◆ ACTIVITY:
The records are to be repeated exactly, and any images in them are to be dropped.

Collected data
********

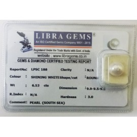 REPORT.NO.LPSC 188CLARITY.N/ACOLOUR.SHINING WHITESHAPE/CUT.ROUND WT.6.53 CTSDIMENSION.9.9-9.5-9.5R.INDEX.N/AHARDNESS.3.0COMMENT.PEARL {SOUTH SEA}..
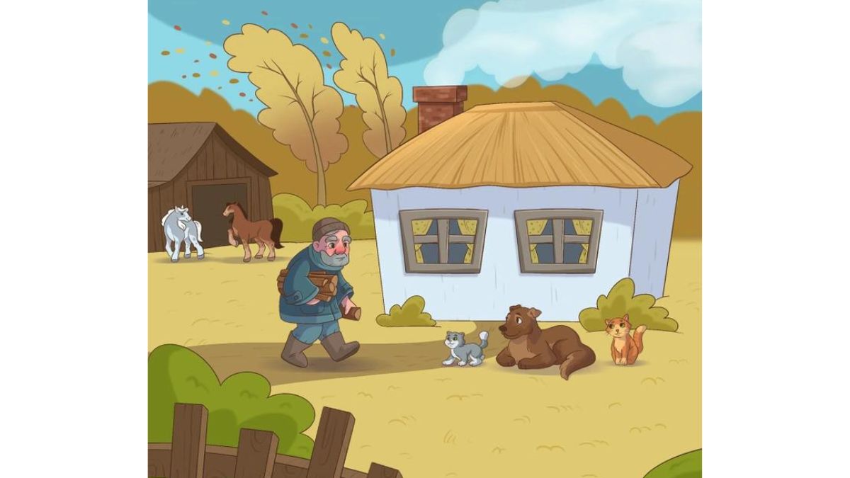 The image shows an old man, his hut, dog, cats, other animals and a regular countryside scene. Your task is to find the three mistakes hidden in the image. Now, divide the image into sections and use your skills like logical reasoning, observational power, and other abilities to conclude this mental exercise.
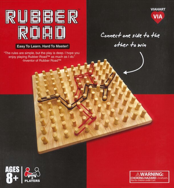 Rubber Road is a connection game which uses rubber bands as the game pieces. The object of the game is to continuously connect opposing sides, while your opponent tries to do the same in the perpendicular direction. Opposing color rubber bands may not overlap. The best games are those with simple rules, but deep and complex strategies. Anyone can learn to...
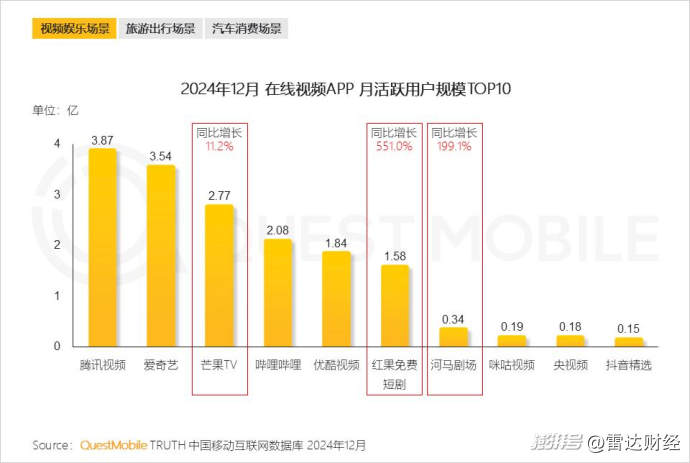 據(jù)第三方機(jī)構(gòu)QuestMobile發(fā)布的數(shù)據(jù),在APP上線不到一年后的2024年3月,紅果短劇以5400萬的月活躍用戶數(shù)躋身在線視頻行業(yè)第六,但其長達(dá)約1.38小時(shí)的月人均單日使用時(shí)長,卻超過愛奇藝、優(yōu)酷、騰訊視頻、芒果TV四大長視頻平臺(tái)。
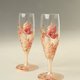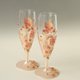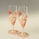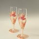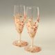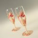 Set of 2 sweet wine glasses, hand-painted. Butterflies and wildflowers design. Rose-gold shiny gloss on the glasses, coral-pink flowers, decoration with crystal rhinestones. One of a kind glasses, READY to SHIP!
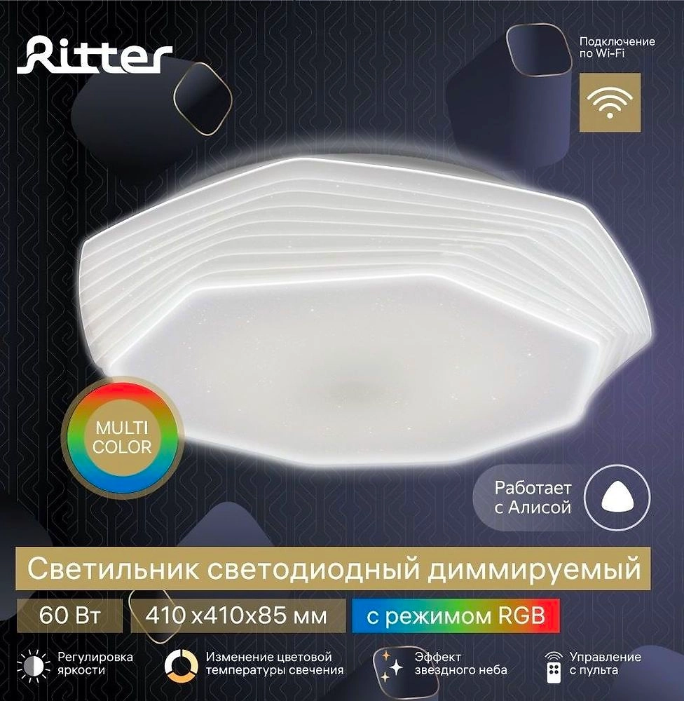 Светильник Ritter Mira поможет создать в интерьере любое настроение за счет изменения цветовой температуры и яркости свечения. Невероятный эффект "звездное небо" украсит долгие вечера, порадует детей и взрослых своим магическим мерцанием.
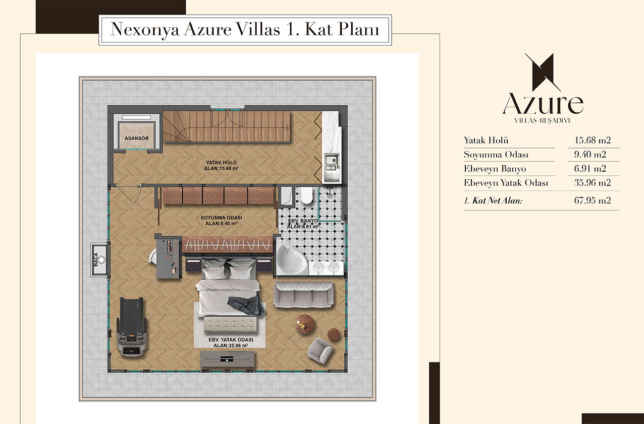 Виллы Nexonya Azure расположены в тихом районе Reşadiye Чекмекей, Стамбул, в окружении пышных лесных ландшафтов. Проект состоит из 20 роскошных трехэтажных вилл, каждая из которых предназначена для сочетания природы, конфиденциальности и современного комфорта. Этот проект, разработанный Nexonya, обеспечивает престижный образ жизни для семей, ищущих уединенный, но хорошо связанный адрес.

********

◆ EXPECTED OUTPUT:
 REPORT.NO.LPSC 188CLARITY.N/ACOLOUR.SHINING WHITESHAPE/CUT.ROUND WT.6.53 CTSDIMENSION.9.9-9.5-9.5R.INDEX.N/AHARDNESS.3.0COMMENT.PEARL {SOUTH SEA}..
 The image shows an old man, his hut, dog, cats, other animals and a regular countryside scene. Your task is to find the three mistakes hidden in the image. Now, divide the image into sections and use your skills like logical reasoning, observational power, and other abilities to conclude this mental exercise.
 Rubber Road is a connection game which uses rubber bands as the game pieces. The object of the game is to continuously connect opposing sides, while your opponent tries to do the same in the perpendicular direction. Opposing color rubber bands may not overlap. The best games are those with simple rules, but deep and complex strategies. Anyone can learn to...
 據(jù)第三方機(jī)構(gòu)QuestMobile發(fā)布的數(shù)據(jù),在APP上線不到一年后的2024年3月,紅果短劇以5400萬的月活躍用戶數(shù)躋身在線視頻行業(yè)第六,但其長達(dá)約1.38小時(shí)的月人均單日使用時(shí)長,卻超過愛奇藝、優(yōu)酷、騰訊視頻、芒果TV四大長視頻平臺(tái)。
 Set of 2 sweet wine glasses, hand-painted. Butterflies and wildflowers design. Rose-gold shiny gloss on the glasses, coral-pink flowers, decoration with crystal rhinestones. One of a kind glasses, READY to SHIP!
 Светильник Ritter Mira поможет создать в интерьере любое настроение за счет изменения цветовой температуры и яркости свечения. Невероятный эффект "звездное небо" украсит долгие вечера, порадует детей и взрослых своим магическим мерцанием.
 Виллы Nexonya Azure расположены в тихом районе Reşadiye Чекмекей, Стамбул, в окружении пышных лесных ландшафтов. Проект состоит из 20 роскошных трехэтажных вилл, каждая из которых предназначена для сочетания природы, конфиденциальности и современного комфорта. Этот проект, разработанный Nexonya, обеспечивает престижный образ жизни для семей, ищущих уединенный, но хорошо связанный адрес.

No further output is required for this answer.